An agent valued a house I was selling for £650k, £100-£150k over four other local agents. But the high-valuing agent had a good reputation for the nicer end of the market and since we weren't in a rush to sell (it was an inherited property) and I felt a responsibility to the other beneficiaries to get the best possible price, we decided to give them a go. We didn't of course get £100k more than the other valuations but we happily settled for £40k over what we would have asked if we'd been with a different agent.
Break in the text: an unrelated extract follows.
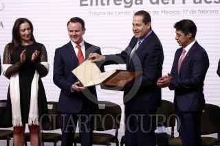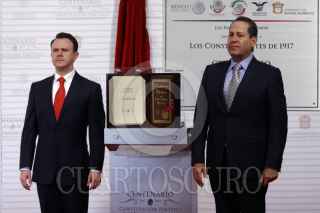 TOLUCA, ESTADO DE MÉXICO, 17FEBRERO2017.- Francisco Guzmán Ortíz, jefe de la oficina de la Presidencia de la República hizo entrega del facsímil de la Constitución Política de los Estados Unidos Mexicanos a Eruviel Ávila Villegas, gobernador del Estado de México. FOTO: ARTEMIO GUERRA BAZ / CUARTOSCURO.COM
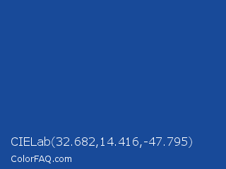 CIELab 32.682,14.416,-47.795 Color is a normal blue color and the nearest color is Yale Blue #0f4d92. Hex code #184a99 and RGB value is rgb(24,74,153). In RGB color space, this color is composed of 9% red, 29% green, 60% blue, In CMYK color space, this color is composed of 84% cyan, 52% magenta, 0% yellow , 40% black , In HSL color space, this color has a hue angle of 217° , 73% saturation and 35% lightness.

We had seven viewing and sold our house in a week. We went for a mid range price of all the valuations and got what we wanted. Like people have said, check out the value of similar properties in the area. I found similar ones on sale recently and zoopla give the estimated increase by year. Choose reliable established estate agents look to see what other people in your area use how many of their boards are about the area, and go with your gut feeling. You also want an ea who will work for you and get serious buyers in to view, especially if things go wrong - we had a problem and our ea was the one who pulled it all together by ringing all the ea and solicitors in the chain almost every day til it was fixed.
We had a similar thing just over a year ago. Unusual house with little to compare it to. We have valuations with a large difference. Discussed the higher valuations with the agents who suggested the lower valuations and they said we'd never get that price. Went with the agent who said the highest valuation, but said we'd review it in a month. The house had an asking price offer the first day it was marketed, from the first viewer. Had loads of interest so went to best and final offers later that week and it sold for over the asking price.
So I'd say try it for a short period of time. Unless you are in a hurry to sell, what do you have to lose?
Thank you all for your replies and very useful advice.
I'm thinking I may put it on for the higher end of the sensible price and trust that if it is worth more then we would perhaps get lots of offers. Who knows!
Will ponder over it though while getting the house ready for viewings, need a mega decluttering session.